====== INPUT DATA ======

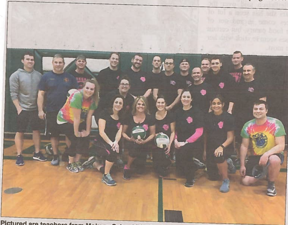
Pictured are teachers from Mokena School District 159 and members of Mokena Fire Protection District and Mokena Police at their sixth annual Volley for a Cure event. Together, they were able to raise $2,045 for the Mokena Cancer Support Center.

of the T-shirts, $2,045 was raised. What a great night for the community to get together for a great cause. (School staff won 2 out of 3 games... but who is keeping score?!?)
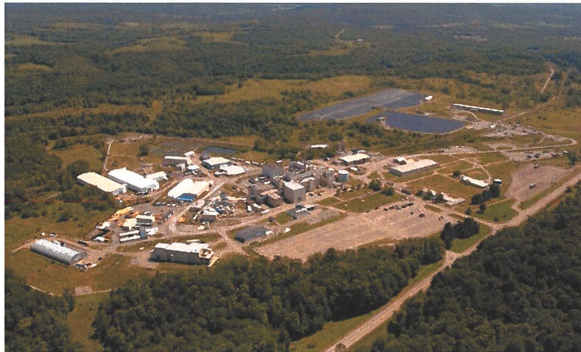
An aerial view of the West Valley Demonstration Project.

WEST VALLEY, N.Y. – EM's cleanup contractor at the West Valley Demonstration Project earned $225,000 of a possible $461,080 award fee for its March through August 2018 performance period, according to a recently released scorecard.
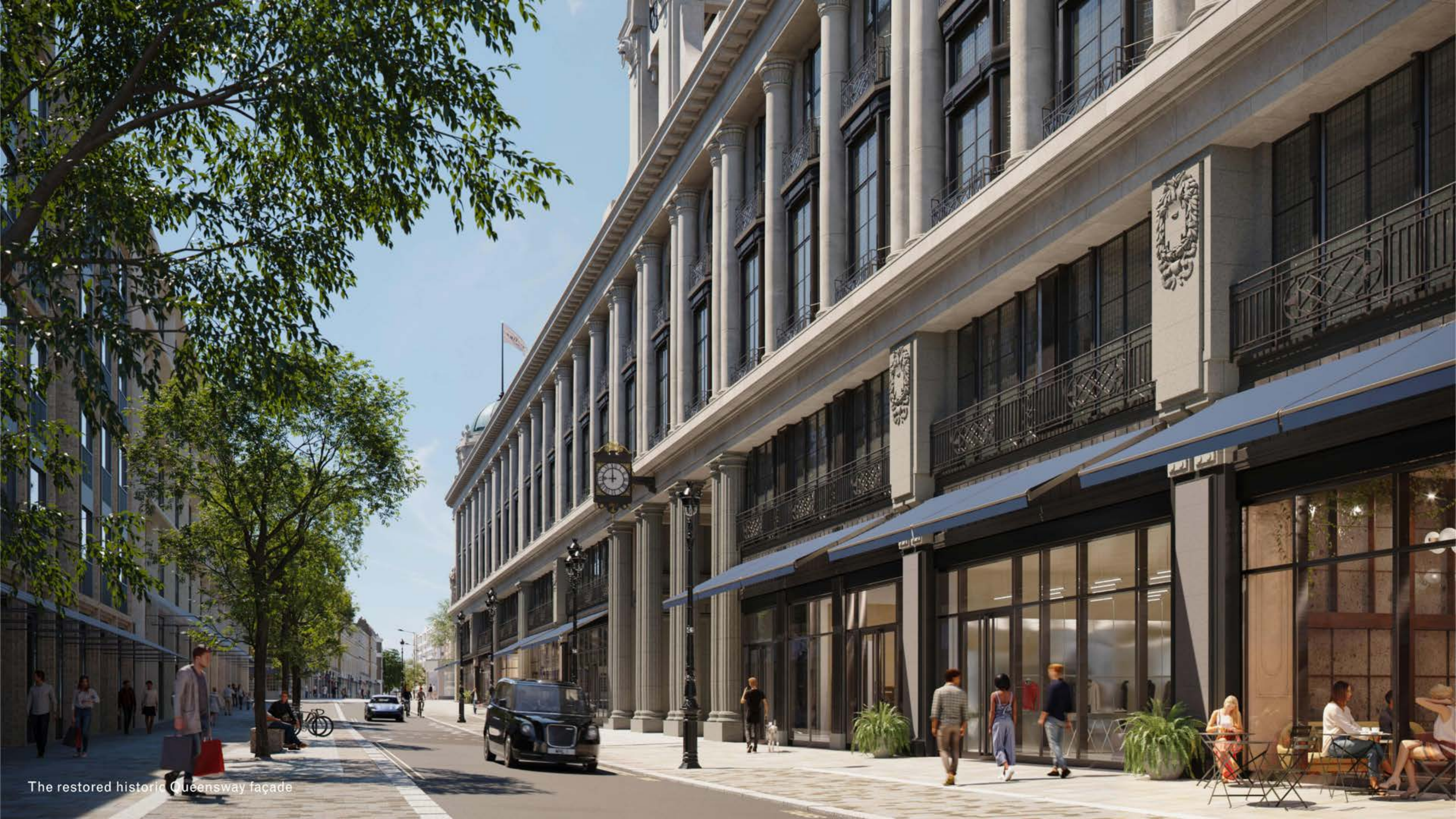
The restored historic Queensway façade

======
====== INPUT DATA ======

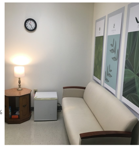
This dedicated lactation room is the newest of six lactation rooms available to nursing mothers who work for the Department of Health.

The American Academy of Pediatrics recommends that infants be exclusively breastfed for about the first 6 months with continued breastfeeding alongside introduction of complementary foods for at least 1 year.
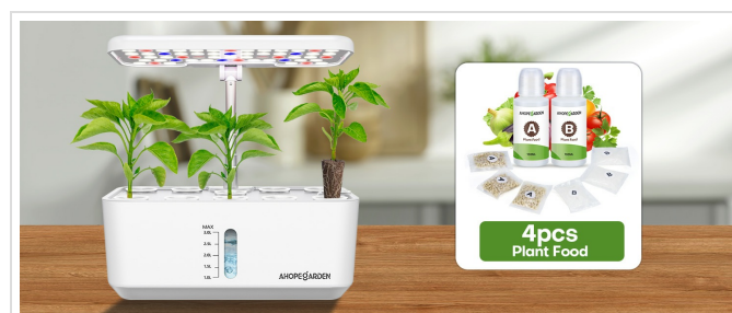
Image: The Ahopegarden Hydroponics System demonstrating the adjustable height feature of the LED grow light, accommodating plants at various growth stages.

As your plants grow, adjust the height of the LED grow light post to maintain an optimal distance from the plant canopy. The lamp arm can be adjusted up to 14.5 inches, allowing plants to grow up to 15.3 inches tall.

======

DIRECTIONS: Your task is to copy each line of the listing that holds the word "Valley".

ANSWER BOX:
An aerial view of the West Valley Demonstration Project.
WEST VALLEY, N.Y. – EM's cleanup contractor at the West Valley Demonstration Project earned $225,000 of a possible $461,080 award fee for its March through August 2018 performance period, according to a recently released scorecard.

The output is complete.